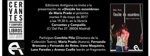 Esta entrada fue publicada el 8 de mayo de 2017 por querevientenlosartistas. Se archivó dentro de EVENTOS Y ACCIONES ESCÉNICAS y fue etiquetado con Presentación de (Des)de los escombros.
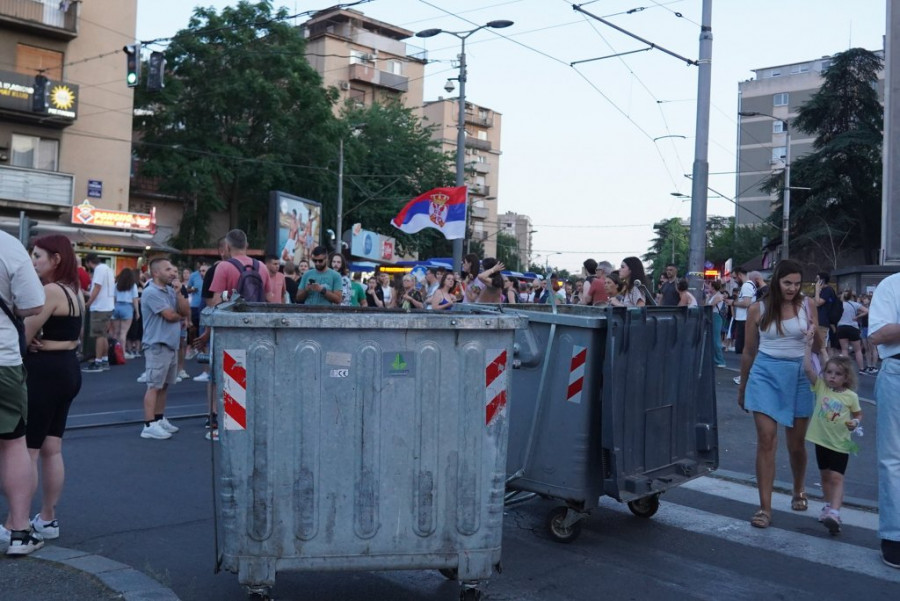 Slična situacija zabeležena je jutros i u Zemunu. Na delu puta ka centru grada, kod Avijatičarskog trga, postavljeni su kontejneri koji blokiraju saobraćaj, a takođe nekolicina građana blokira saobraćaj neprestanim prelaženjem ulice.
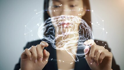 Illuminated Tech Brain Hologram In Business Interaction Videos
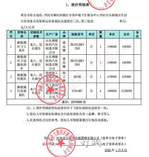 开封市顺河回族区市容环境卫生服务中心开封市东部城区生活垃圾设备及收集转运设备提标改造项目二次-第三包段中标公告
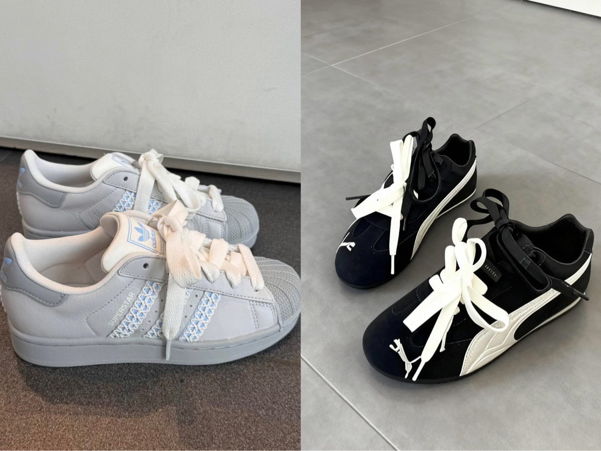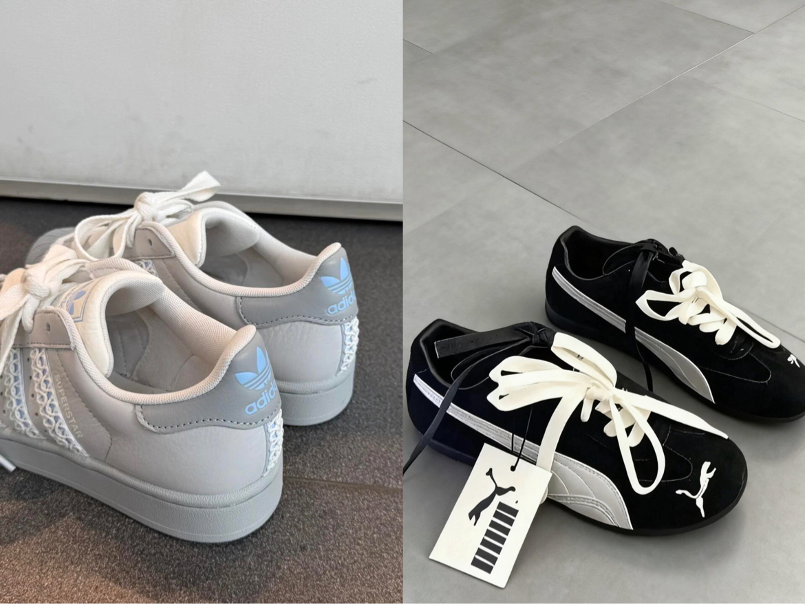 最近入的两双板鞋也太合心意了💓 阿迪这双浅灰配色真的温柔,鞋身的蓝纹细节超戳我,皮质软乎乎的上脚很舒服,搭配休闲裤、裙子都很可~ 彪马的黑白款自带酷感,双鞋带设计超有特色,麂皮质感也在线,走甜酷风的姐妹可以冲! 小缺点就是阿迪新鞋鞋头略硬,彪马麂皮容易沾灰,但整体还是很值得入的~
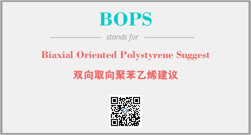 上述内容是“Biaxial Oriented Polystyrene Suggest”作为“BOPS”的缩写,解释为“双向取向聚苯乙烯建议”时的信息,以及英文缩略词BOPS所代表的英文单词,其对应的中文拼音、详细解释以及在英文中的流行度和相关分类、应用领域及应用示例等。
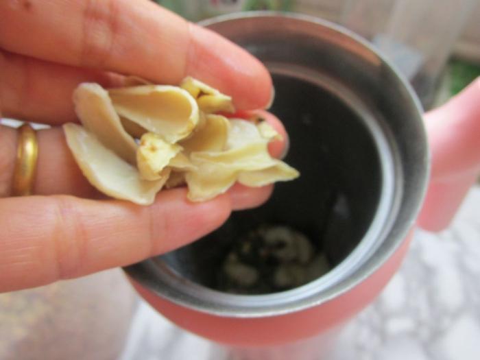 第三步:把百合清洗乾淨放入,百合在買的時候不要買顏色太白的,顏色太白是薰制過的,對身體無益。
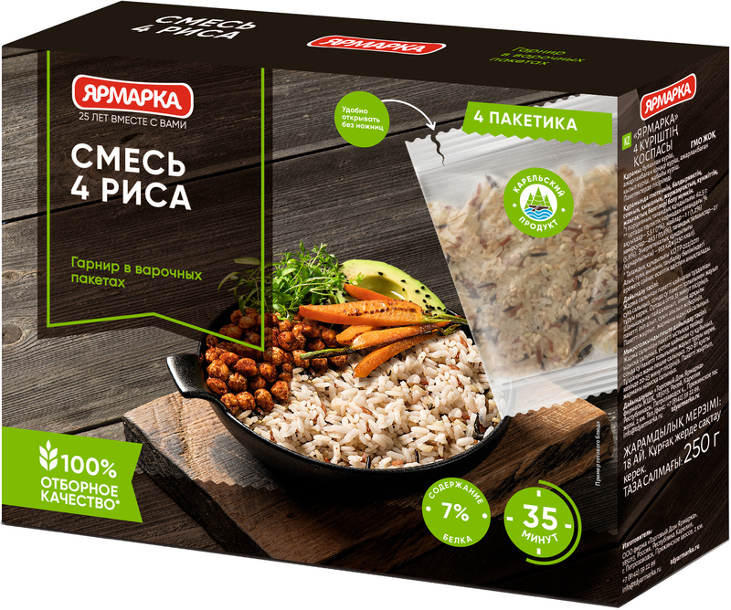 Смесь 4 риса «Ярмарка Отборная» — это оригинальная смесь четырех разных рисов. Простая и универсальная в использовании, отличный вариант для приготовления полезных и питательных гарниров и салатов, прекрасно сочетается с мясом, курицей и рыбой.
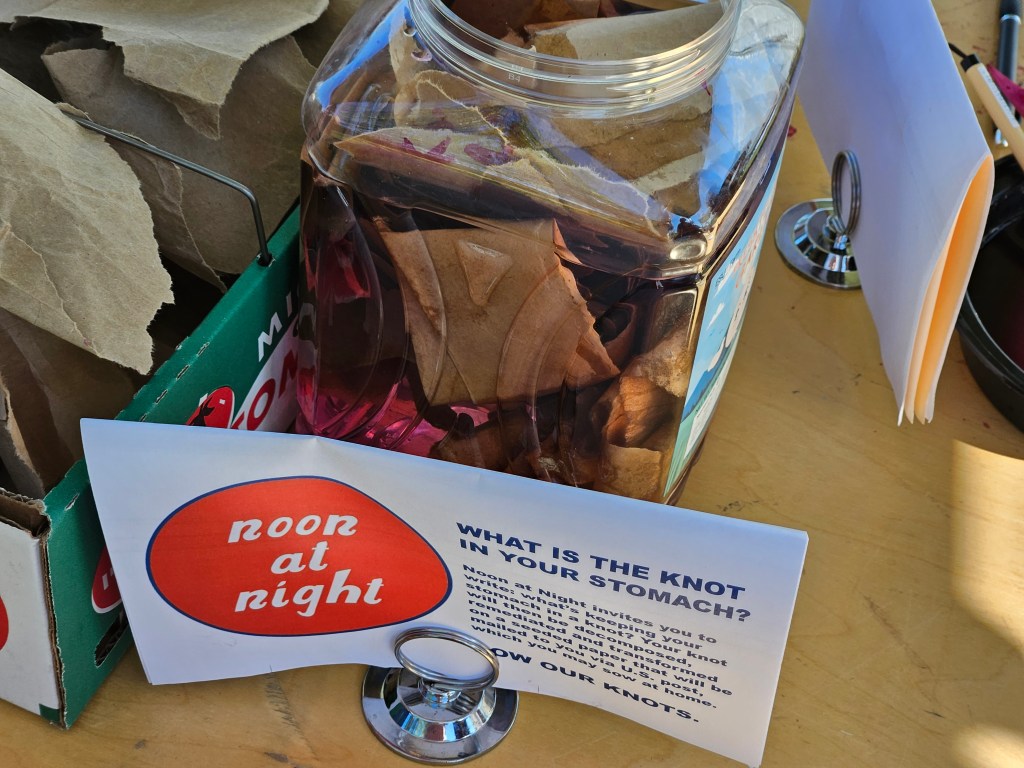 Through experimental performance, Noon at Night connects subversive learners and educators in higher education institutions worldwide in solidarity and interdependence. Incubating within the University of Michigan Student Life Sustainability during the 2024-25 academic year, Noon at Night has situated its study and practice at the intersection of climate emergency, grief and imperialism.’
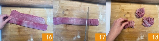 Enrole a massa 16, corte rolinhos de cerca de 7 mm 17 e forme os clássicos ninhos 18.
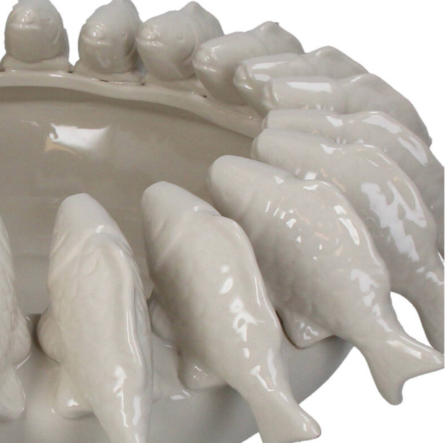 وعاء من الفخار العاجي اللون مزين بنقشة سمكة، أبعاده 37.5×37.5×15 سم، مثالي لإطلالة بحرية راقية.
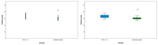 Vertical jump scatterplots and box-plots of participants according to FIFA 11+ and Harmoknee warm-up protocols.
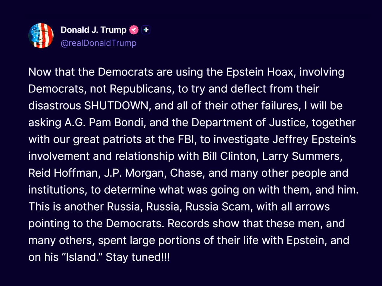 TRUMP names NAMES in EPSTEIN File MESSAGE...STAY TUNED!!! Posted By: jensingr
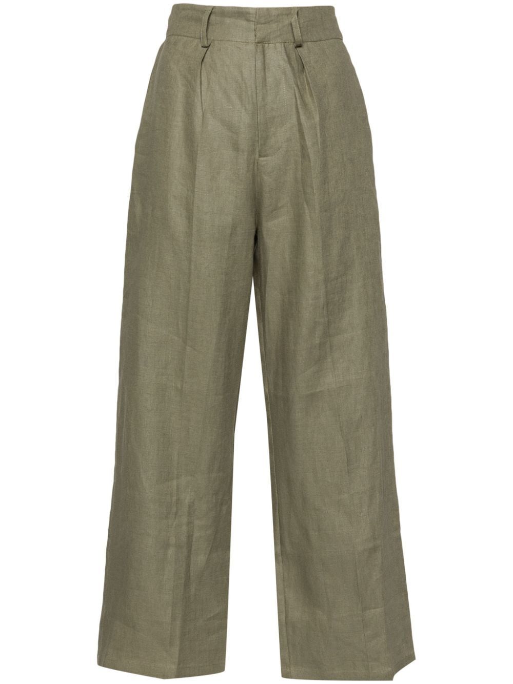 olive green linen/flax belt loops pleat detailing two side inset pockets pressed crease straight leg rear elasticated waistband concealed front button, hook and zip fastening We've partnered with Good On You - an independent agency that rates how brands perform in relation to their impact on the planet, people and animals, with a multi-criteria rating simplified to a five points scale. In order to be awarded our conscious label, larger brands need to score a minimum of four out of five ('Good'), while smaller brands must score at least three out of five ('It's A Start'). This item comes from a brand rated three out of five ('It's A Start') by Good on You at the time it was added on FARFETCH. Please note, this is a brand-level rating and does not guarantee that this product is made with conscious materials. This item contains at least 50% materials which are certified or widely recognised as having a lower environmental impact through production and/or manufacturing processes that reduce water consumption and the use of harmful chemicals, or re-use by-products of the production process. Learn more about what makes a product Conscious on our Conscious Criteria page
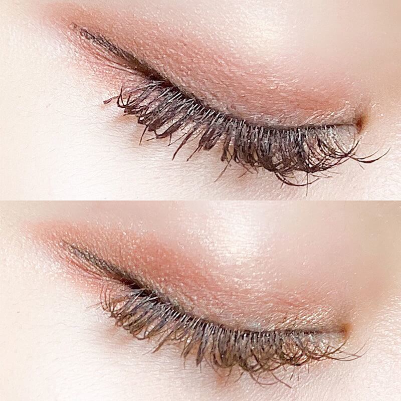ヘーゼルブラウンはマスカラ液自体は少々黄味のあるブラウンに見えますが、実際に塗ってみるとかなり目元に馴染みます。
----------------------------------------
* **Prompt**: The required answer is an exact copy of the lines from the one containing "olive green linen/flax" through the last line of the material, with the pictures removed.

* **Answer for this exercise**:
 olive green linen/flax belt loops pleat detailing two side inset pockets pressed crease straight leg rear elasticated waistband concealed front button, hook and zip fastening We've partnered with Good On You - an independent agency that rates how brands perform in relation to their impact on the planet, people and animals, with a multi-criteria rating simplified to a five points scale. In order to be awarded our conscious label, larger brands need to score a minimum of four out of five ('Good'), while smaller brands must score at least three out of five ('It's A Start'). This item comes from a brand rated three out of five ('It's A Start') by Good on You at the time it was added on FARFETCH. Please note, this is a brand-level rating and does not guarantee that this product is made with conscious materials. This item contains at least 50% materials which are certified or widely recognised as having a lower environmental impact through production and/or manufacturing processes that reduce water consumption and the use of harmful chemicals, or re-use by-products of the production process. Learn more about what makes a product Conscious on our Conscious Criteria page
ヘーゼルブラウンはマスカラ液自体は少々黄味のあるブラウンに見えますが、実際に塗ってみるとかなり目元に馴染みます。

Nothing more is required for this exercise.